DATASET EXCERPTS

Start of Block

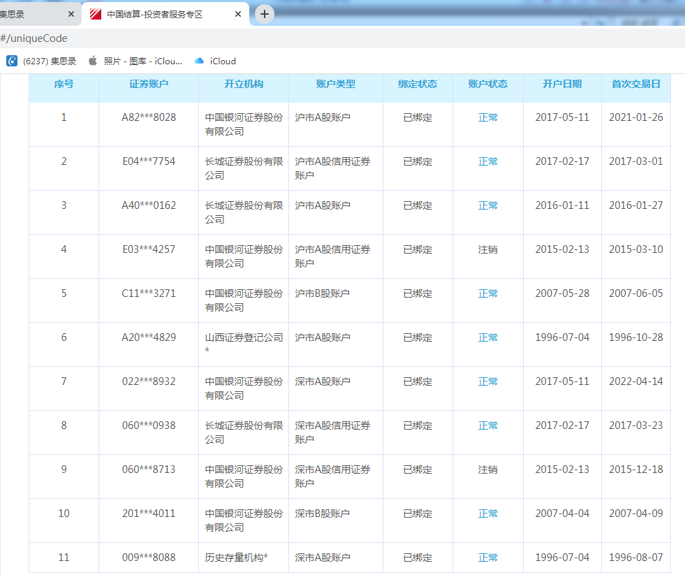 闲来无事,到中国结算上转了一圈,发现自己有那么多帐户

End of Block
Start of Block

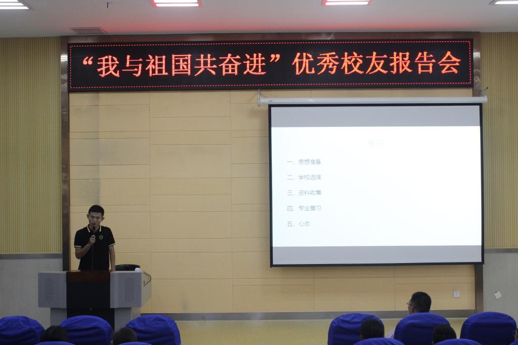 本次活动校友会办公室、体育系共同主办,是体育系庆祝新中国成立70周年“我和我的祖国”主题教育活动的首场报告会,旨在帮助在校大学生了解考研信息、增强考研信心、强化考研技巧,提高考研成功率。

End of Block
Start of Block

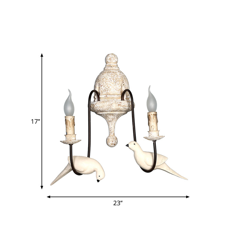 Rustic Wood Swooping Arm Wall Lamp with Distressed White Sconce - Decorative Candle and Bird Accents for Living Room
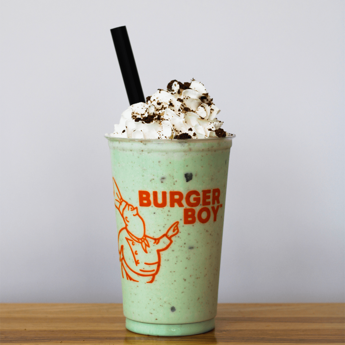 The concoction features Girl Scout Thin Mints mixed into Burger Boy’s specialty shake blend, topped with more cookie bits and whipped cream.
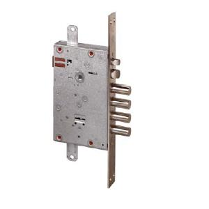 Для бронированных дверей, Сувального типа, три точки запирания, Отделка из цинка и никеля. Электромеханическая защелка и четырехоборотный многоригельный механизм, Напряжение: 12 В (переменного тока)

End of Block

WHAT THIS TASK INVOLVES
Here the job is to copy the listing above word for word, starting at the line with "The concoction features" and ending at the line with "Для бронированных дверей, Сувального", and to leave out the pictures.

SOLUTION TO THIS EXERCISE
 The concoction features Girl Scout Thin Mints mixed into Burger Boy’s specialty shake blend, topped with more cookie bits and whipped cream.
 Для бронированных дверей, Сувального типа, три точки запирания, Отделка из цинка и никеля. Электромеханическая защелка и четырехоборотный многоригельный механизм, Напряжение: 12 В (переменного тока)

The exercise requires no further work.